▶ [Requirement]:
Repeat the entries below exactly as they appear, with no pictures.

▶ [Data for the task]:
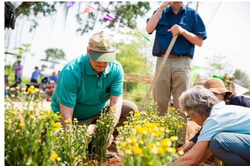
PeaceTrees Citizen Diplomats helping plant gardens at a local school
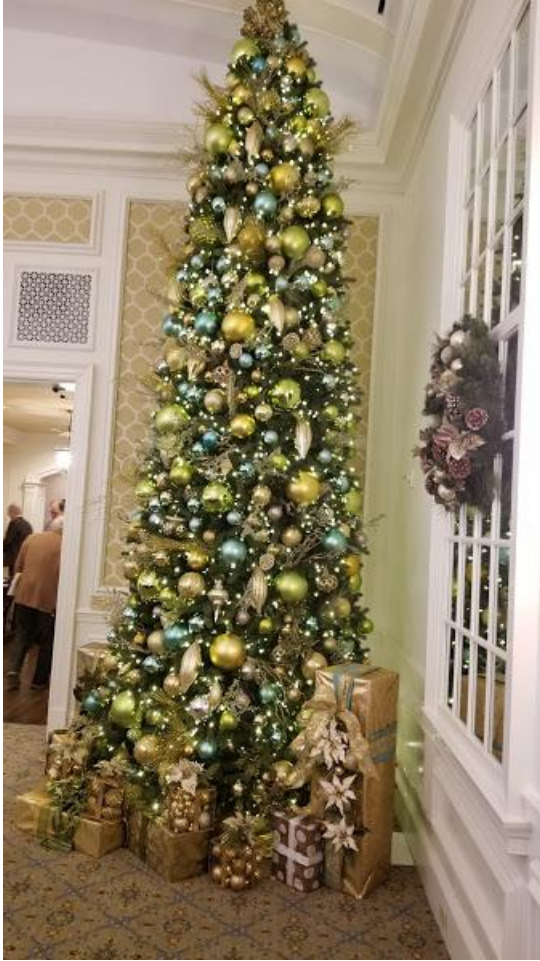
WGCC Christmas tree. [Photo by Erin Mendenhall ].
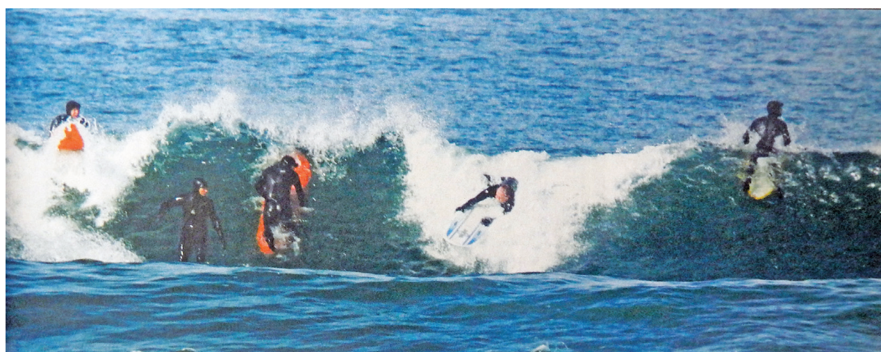
Surfers ride the waves near the Cove in Seaside in 2012.

A new breakwater would be built alongside the Union Fishermen's cannery, extending into the river almost to the pierhead line, then turning downriver and overlapping the
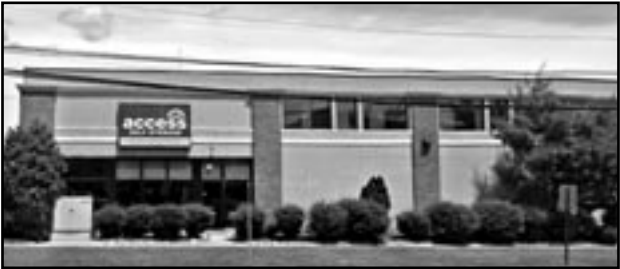
(above) Pond was located behind Access Storage.
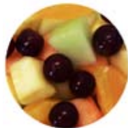
Fruit Salad (Dry pack or in juice), Fruit Bowl
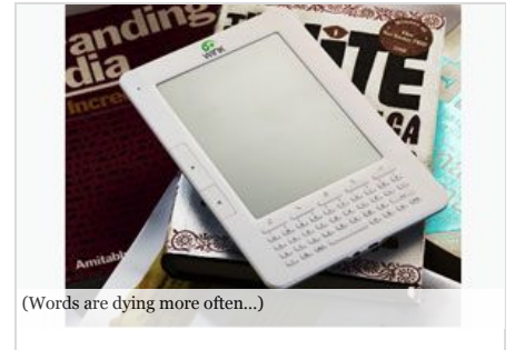
(Words are dying more often...)

WASHINGTON: Words are dying more often in the past 10 to 20 years than they had in all the time measured before while new entries into languages are becoming less common, both perhaps because of digital spell-checking, according to a new study.
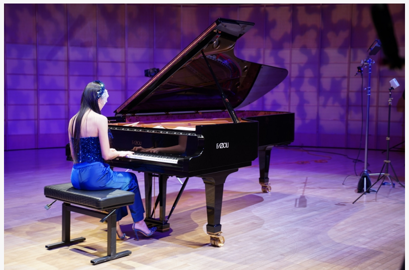
Miist at the Chan Center Vancouver BC

This press release can be viewed online at: https://www.einpresswire.com/article/684964741

▶ [Exercise answer]:
PeaceTrees Citizen Diplomats helping plant gardens at a local school
WGCC Christmas tree. [Photo by Erin Mendenhall ].
Surfers ride the waves near the Cove in Seaside in 2012.

A new breakwater would be built alongside the Union Fishermen's cannery, extending into the river almost to the pierhead line, then turning downriver and overlapping the
(above) Pond was located behind Access Storage.
Fruit Salad (Dry pack or in juice), Fruit Bowl
(Words are dying more often...)

WASHINGTON: Words are dying more often in the past 10 to 20 years than they had in all the time measured before while new entries into languages are becoming less common, both perhaps because of digital spell-checking, according to a new study.
Miist at the Chan Center Vancouver BC

This press release can be viewed online at: https://www.einpresswire.com/article/684964741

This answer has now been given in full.